Le 30/01/2014 08:44, Lars Borin a écrit :
> Dear all,
>
>>
>>
>>     Other that that I wanted to clarify one issue regarding language
>>     codes in the example.
>>
>>     I have seen that some people (John?) have started to use the ISO
>>     639-2 codes (e.g. "ENG" for English, "SPA" for Spanish etc.).

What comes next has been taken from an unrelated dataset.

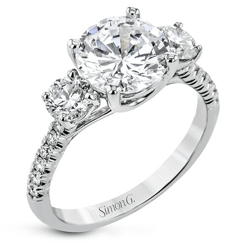 This eye-catching engagement ring features two sparkling side diamonds as well as brilliant diamond accents along the shank.
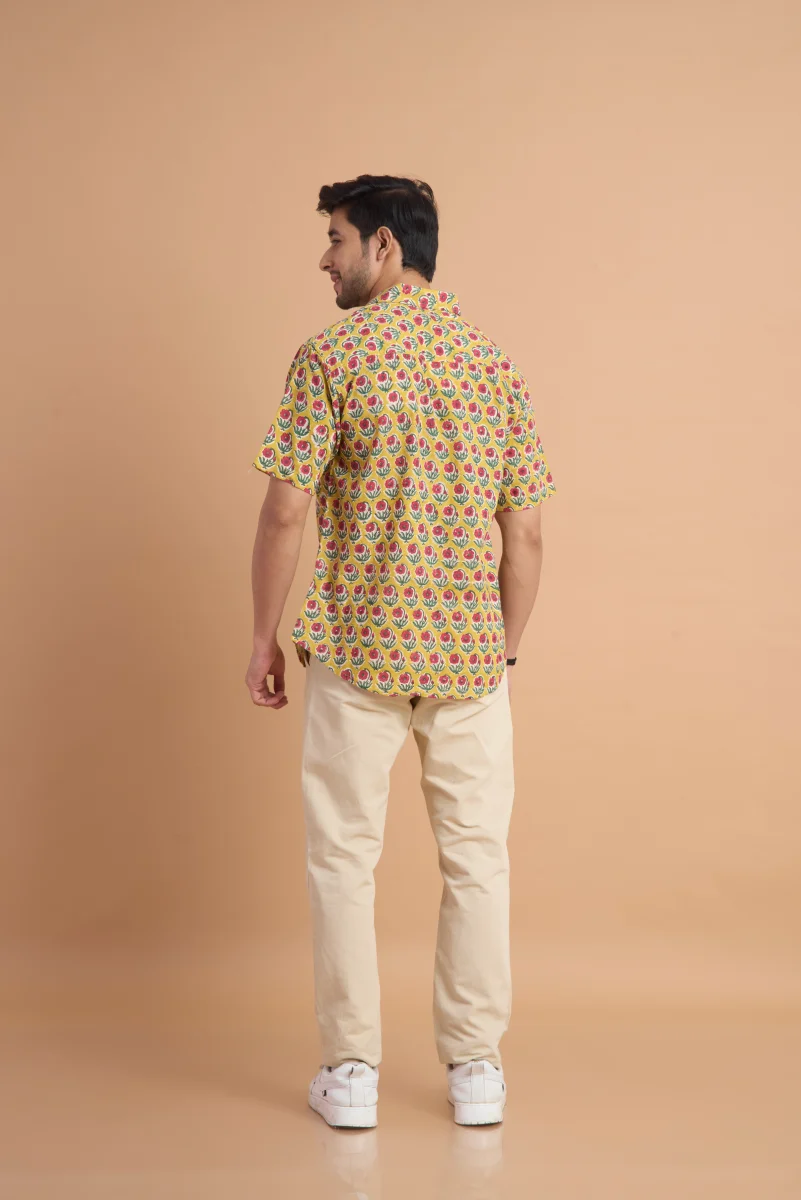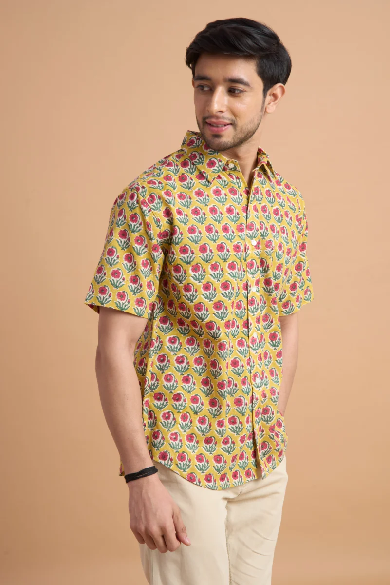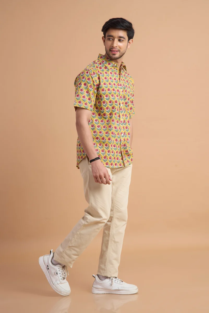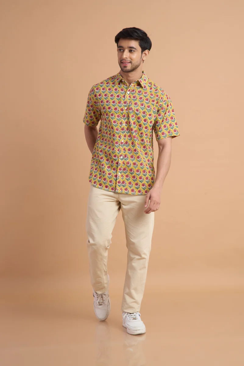 Featuring traditional hand block printing, this shirt showcases intricate patterns that reflect timeless craftsmanship and cultural elegance. Designed with a classic button-down front, a neat collar, and a relaxed yet structured fit, it effortlessly blends comfort with distinctive style. Ideal for casual outings, vacations, and laid-back gatherings, this shirt pairs effortlessly with jeans or chinos for a relaxed, stylish look.

>>     I would propose we stick to the ISO 639-1 two-letter ISO 639-1
>>     codes (e.g. "EN", "ES") etc. There is no particular reason for
>>     this other than the fact that most people know these codes.
>>
>>     If the argument is recency and reusing the newest standard, then
>>     we would have to go anyway for four letter codes according to ISO
>>     639-6.
>>
>>
>> In the open mulitlingual wordnet we use the three letter codes 
>> because there are people working on languages which do not have two 
>> letter codes, such as Abui (abz),  Minangkabau (min) or Cantonese 
>> (yue).  Note that some of these are large language communities, 
>> Minangkabauhas around 6 million speakers. I think this is a strong 
>> argument for not going back to the two letter codes.
>
> I suspect that the three-letter codes in question are intended to be 
> ISO 639-3 (and not 639-2), the use of which is pretty much best 
> practice in linguistics today (even if there is quite a bit of 
> discussion about how well it reflects lingusitic descriptive practice 
> and actual reality; see, e.g., <http://dlc.hypotheses.org/610>), 
> because of coverage (not even all the languages of Europe are covered 
> by 639-1, e.g. the two Sorbian languages) and because of granularity: 
> The "language" level of ISO 639-3 (basically that of the Ethnologue) 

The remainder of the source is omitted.